How to complete this task: Leave the pictures out, and repeat exactly each line from the one that holds "Dieses Gutachten (abe)" through the final line of the entries below.

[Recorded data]
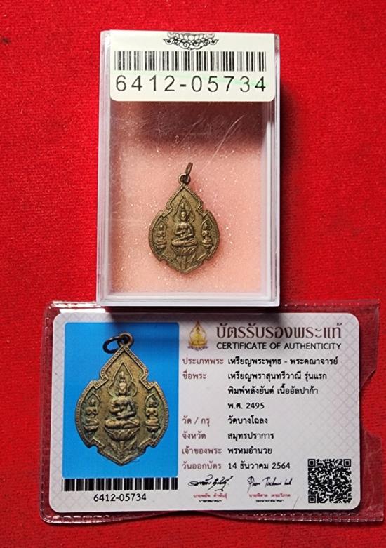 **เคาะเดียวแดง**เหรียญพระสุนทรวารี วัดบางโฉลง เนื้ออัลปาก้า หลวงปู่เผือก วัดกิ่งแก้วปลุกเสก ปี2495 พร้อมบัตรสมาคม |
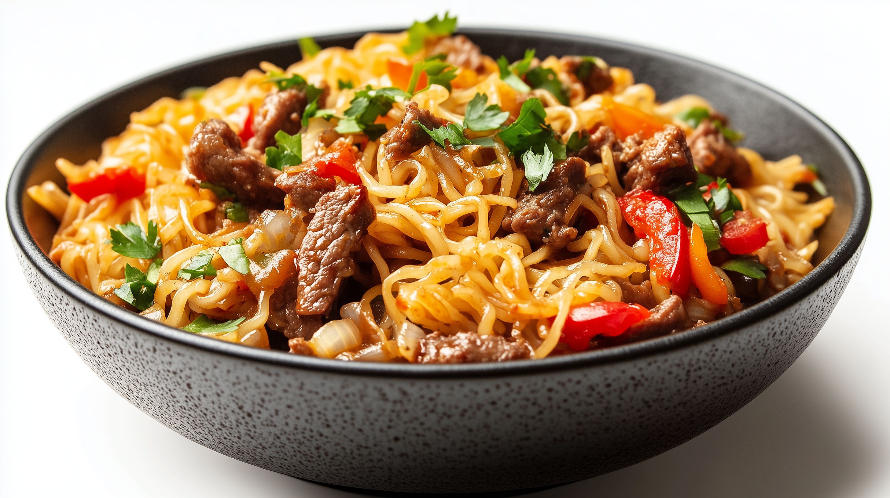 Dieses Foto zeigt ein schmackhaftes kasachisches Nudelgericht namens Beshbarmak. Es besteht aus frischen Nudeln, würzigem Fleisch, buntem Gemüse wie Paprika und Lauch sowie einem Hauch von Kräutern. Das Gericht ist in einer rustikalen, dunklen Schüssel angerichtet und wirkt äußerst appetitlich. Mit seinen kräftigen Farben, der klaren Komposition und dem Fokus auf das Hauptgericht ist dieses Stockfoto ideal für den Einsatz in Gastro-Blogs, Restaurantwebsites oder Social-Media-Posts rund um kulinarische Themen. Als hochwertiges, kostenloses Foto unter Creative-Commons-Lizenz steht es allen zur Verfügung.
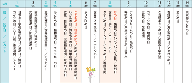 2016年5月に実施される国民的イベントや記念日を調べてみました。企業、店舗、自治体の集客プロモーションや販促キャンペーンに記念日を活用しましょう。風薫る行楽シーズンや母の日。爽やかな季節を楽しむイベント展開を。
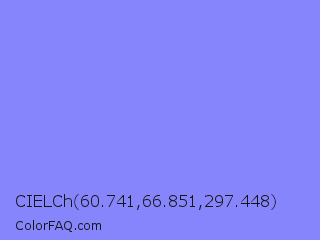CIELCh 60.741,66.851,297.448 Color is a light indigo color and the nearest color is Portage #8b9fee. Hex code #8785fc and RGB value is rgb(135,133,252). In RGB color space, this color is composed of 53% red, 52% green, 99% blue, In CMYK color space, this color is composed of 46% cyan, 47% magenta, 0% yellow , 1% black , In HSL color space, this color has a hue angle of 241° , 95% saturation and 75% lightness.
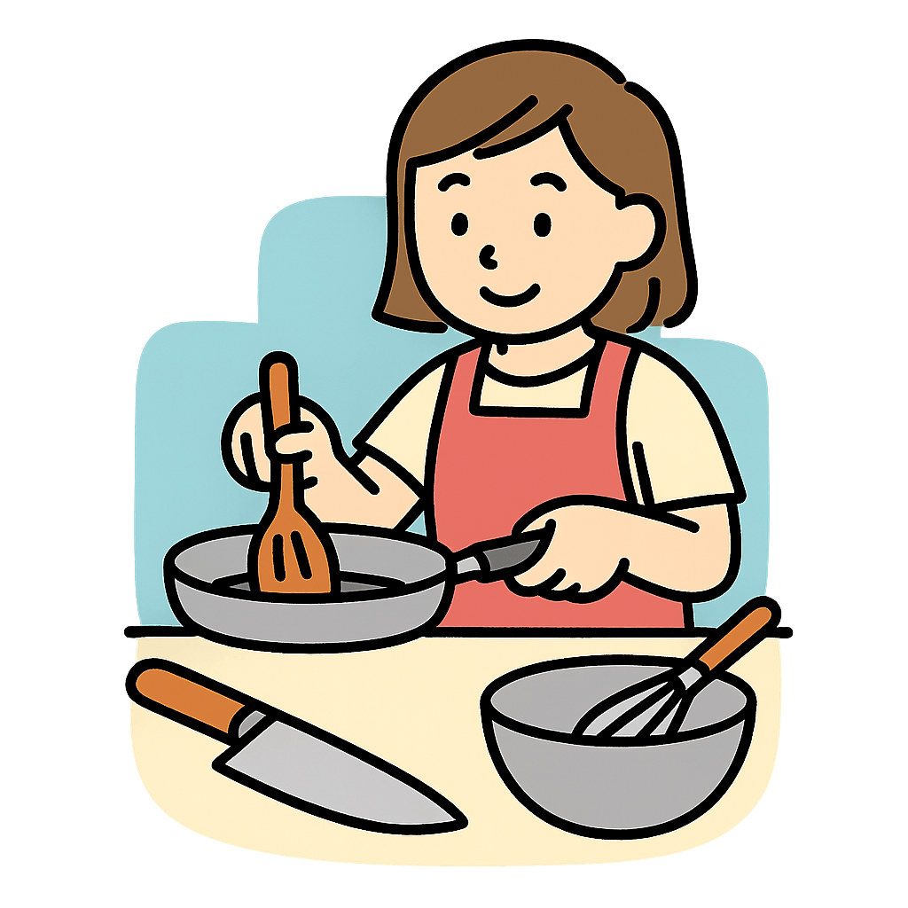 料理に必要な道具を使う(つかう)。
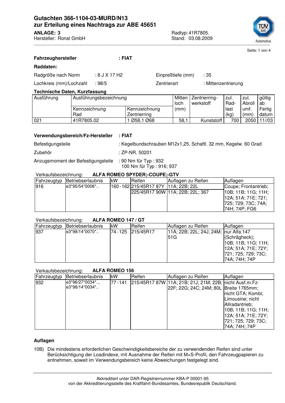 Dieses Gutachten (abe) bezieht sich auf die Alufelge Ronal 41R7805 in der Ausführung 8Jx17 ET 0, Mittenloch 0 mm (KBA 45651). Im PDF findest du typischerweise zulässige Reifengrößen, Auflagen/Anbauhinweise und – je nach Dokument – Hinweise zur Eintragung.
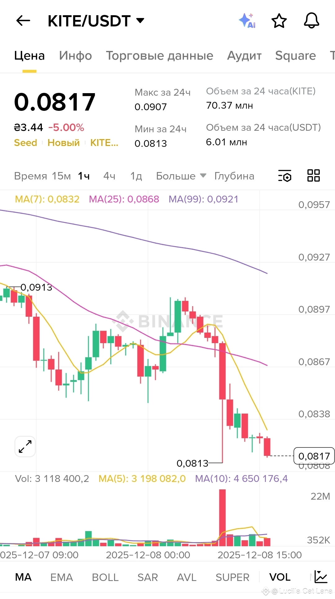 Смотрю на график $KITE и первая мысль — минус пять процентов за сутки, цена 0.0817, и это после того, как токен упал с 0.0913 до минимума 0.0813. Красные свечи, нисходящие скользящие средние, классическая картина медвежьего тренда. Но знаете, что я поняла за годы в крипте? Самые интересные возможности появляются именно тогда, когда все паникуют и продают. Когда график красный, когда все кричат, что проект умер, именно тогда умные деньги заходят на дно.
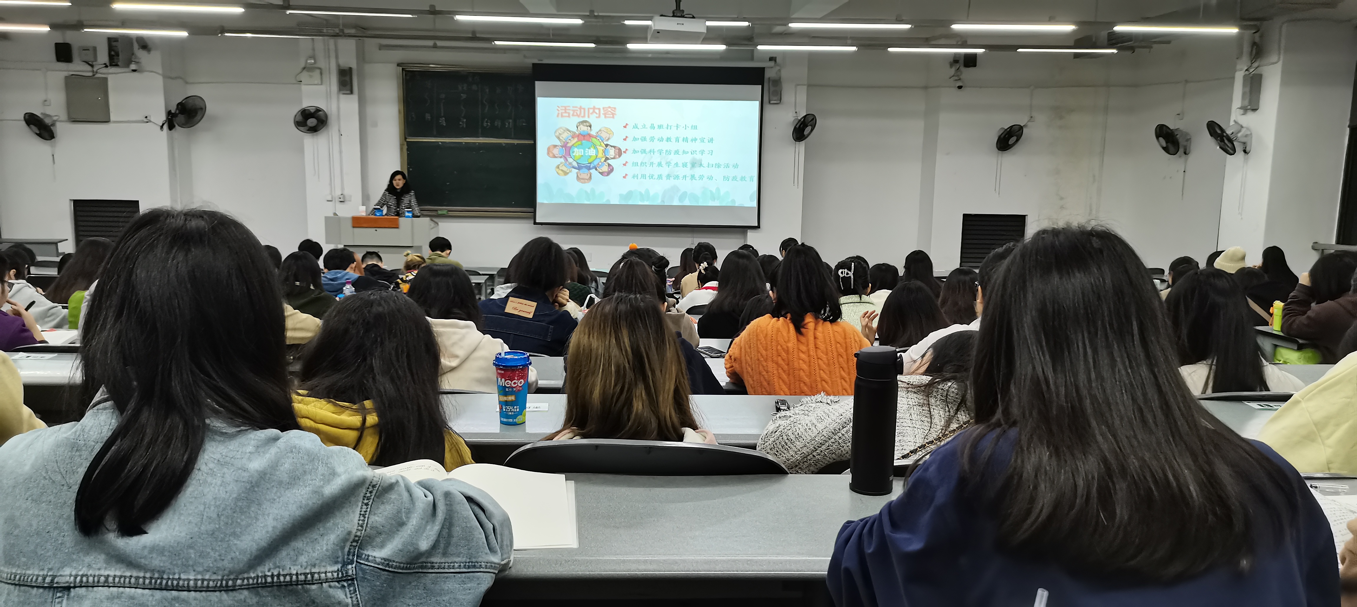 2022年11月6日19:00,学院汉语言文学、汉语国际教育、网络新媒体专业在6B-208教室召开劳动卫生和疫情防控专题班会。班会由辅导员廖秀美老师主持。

Result of this task:
 Dieses Gutachten (abe) bezieht sich auf die Alufelge Ronal 41R7805 in der Ausführung 8Jx17 ET 0, Mittenloch 0 mm (KBA 45651). Im PDF findest du typischerweise zulässige Reifengrößen, Auflagen/Anbauhinweise und – je nach Dokument – Hinweise zur Eintragung.
 Смотрю на график $KITE и первая мысль — минус пять процентов за сутки, цена 0.0817, и это после того, как токен упал с 0.0913 до минимума 0.0813. Красные свечи, нисходящие скользящие средние, классическая картина медвежьего тренда. Но знаете, что я поняла за годы в крипте? Самые интересные возможности появляются именно тогда, когда все паникуют и продают. Когда график красный, когда все кричат, что проект умер, именно тогда умные деньги заходят на дно.
 2022年11月6日19:00,学院汉语言文学、汉语国际教育、网络新媒体专业在6B-208教室召开劳动卫生和疫情防控专题班会。班会由辅导员廖秀美老师主持。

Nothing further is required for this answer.